▸ Task details
Reproduce the records precisely. Omit every picture.

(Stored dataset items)
┄┄┄┄┄┄┄┄┄┄┄┄┄┄┄┄┄┄┄┄

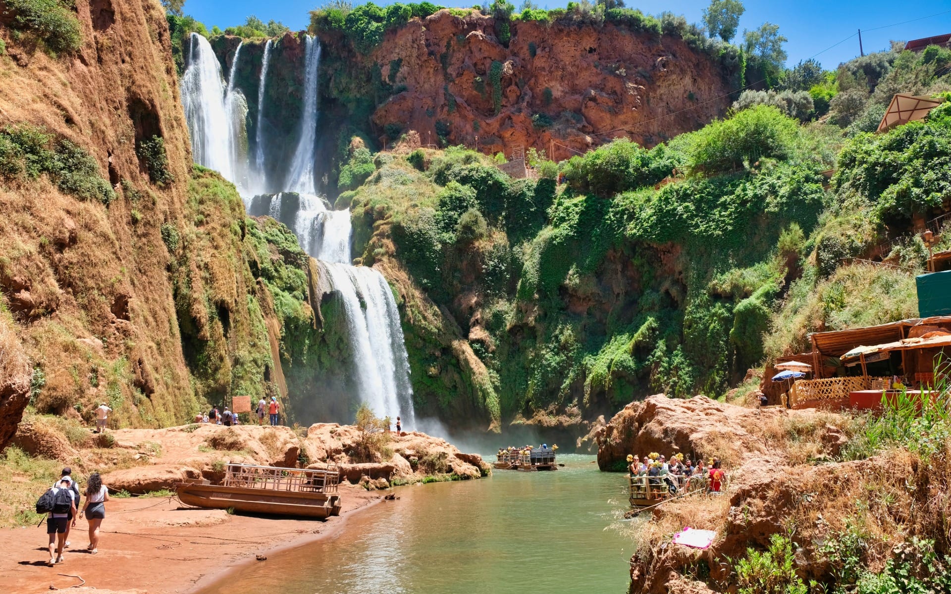 - À quelques heures de Marrakech, l'un des joyaux naturels les plus spectaculaires du Maroc vous attend : l'imposant Cascades d'Ouzoud, avec plus de 110 mètres de haut. Un endroit où l'eau, la végétation et les singes sauvages coexistent dans un paysage cinématographique. Cette visite est idéale pour ceux qui recherchent nature authentique, promenades douces, culture locale et vues inoubliables.
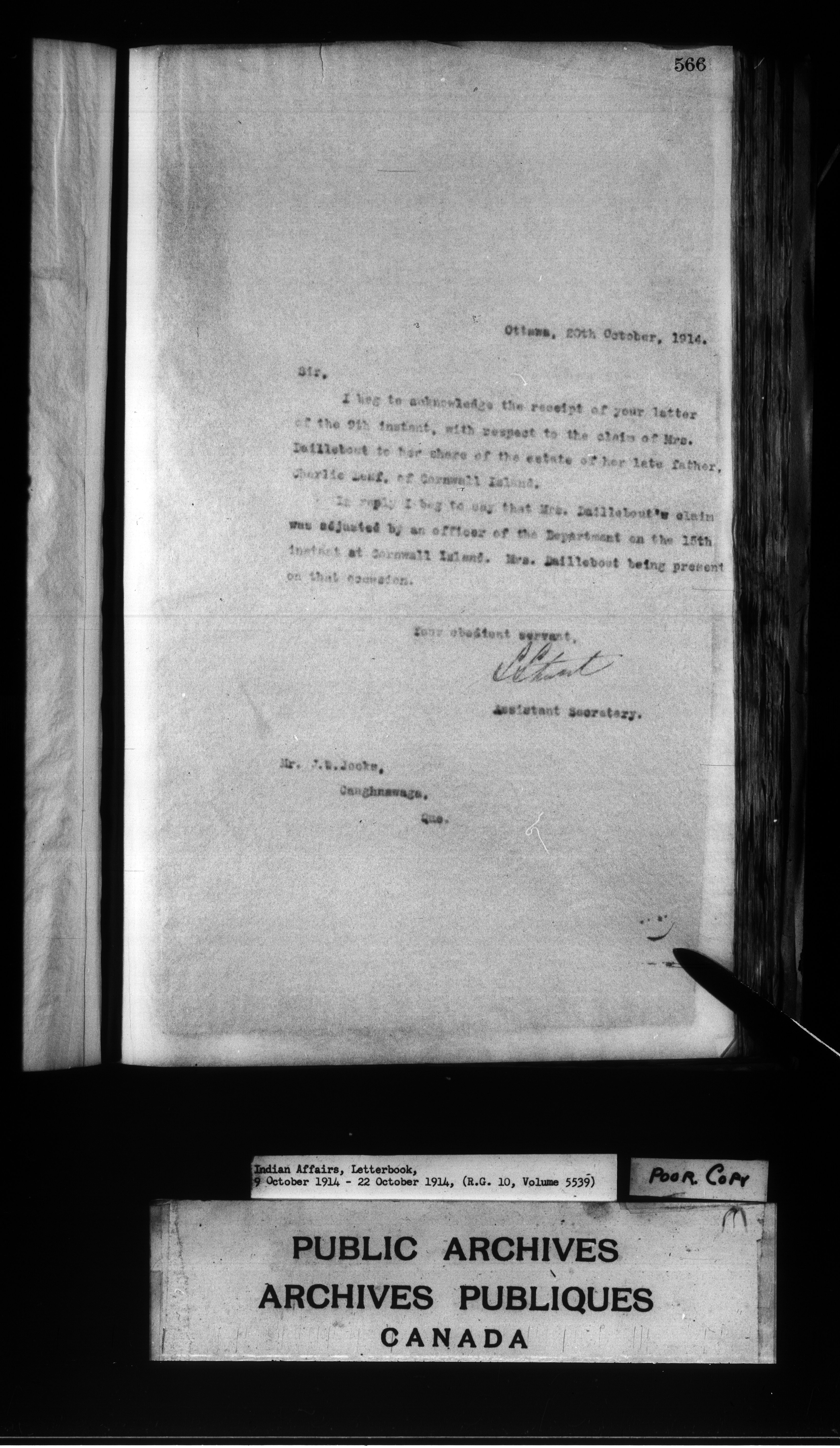 Department of Indian Affairs : Letterbooks of out-going correspondence relating to the administration of Indian Affairs in both eastern and western Canada, 1871-1920 - 8890
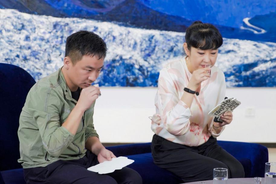 艺术家朱海(左)、熊莉钧(右)品鉴舍得老酒
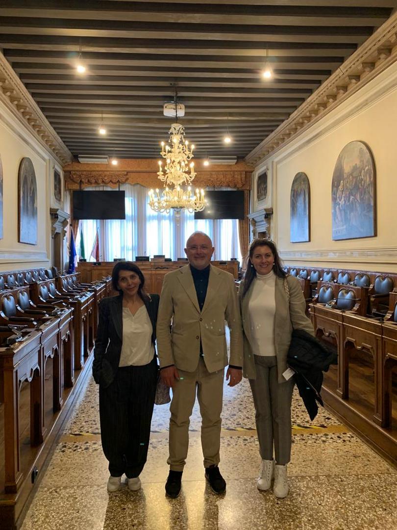 Un altro importante incontro è stato con Sua Eccellenza il Console dell’Armenia, Dr. Gagik Surucanian, che ha ringraziato Maria Saadeh per il suo sostegno sempre dimostrato al popolo armeno e in particolare per il suo impegno dentro al parlamento Siriano, con una proposta di legge, approvata 2 anni fa, per il riconoscimento del genocidio armeno. La Siria, grazie anche a Maria, è oggi il primo Paese arabo a riconoscere tale genocidio. Nel corso della riunione abbiamo discusso delle vari possibilità di realizzare insieme collaborazioni culturali a Venezia, coinvolgendo anche artisti sirani, in particolare ma non solo armeni. Ringraziamo vivamente Dr. Gagik Surucanian per la sua ospitalità e per la sua apertura mentale verso tutto ciò che è positivo e valido per tutti i popoli e nello specifico per il suo Popolo Armeno.
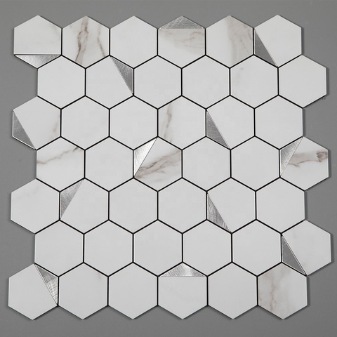 PVCアルミニウム六角形ホワイトシルバーバックスプラッシュピールアンドスティックバスルームタイル自己粘着タイル

┄┄┄┄┄┄┄┄┄┄┄┄┄┄┄┄┄┄┄┄

▸ Solution to the exercise
 - À quelques heures de Marrakech, l'un des joyaux naturels les plus spectaculaires du Maroc vous attend : l'imposant Cascades d'Ouzoud, avec plus de 110 mètres de haut. Un endroit où l'eau, la végétation et les singes sauvages coexistent dans un paysage cinématographique. Cette visite est idéale pour ceux qui recherchent nature authentique, promenades douces, culture locale et vues inoubliables.
 Department of Indian Affairs : Letterbooks of out-going correspondence relating to the administration of Indian Affairs in both eastern and western Canada, 1871-1920 - 8890
 艺术家朱海(左)、熊莉钧(右)品鉴舍得老酒
 Un altro importante incontro è stato con Sua Eccellenza il Console dell’Armenia, Dr. Gagik Surucanian, che ha ringraziato Maria Saadeh per il suo sostegno sempre dimostrato al popolo armeno e in particolare per il suo impegno dentro al parlamento Siriano, con una proposta di legge, approvata 2 anni fa, per il riconoscimento del genocidio armeno. La Siria, grazie anche a Maria, è oggi il primo Paese arabo a riconoscere tale genocidio. Nel corso della riunione abbiamo discusso delle vari possibilità di realizzare insieme collaborazioni culturali a Venezia, coinvolgendo anche artisti sirani, in particolare ma non solo armeni. Ringraziamo vivamente Dr. Gagik Surucanian per la sua ospitalità e per la sua apertura mentale verso tutto ciò che è positivo e valido per tutti i popoli e nello specifico per il suo Popolo Armeno.
 PVCアルミニウム六角形ホワイトシルバーバックスプラッシュピールアンドスティックバスルームタイル自己粘着タイル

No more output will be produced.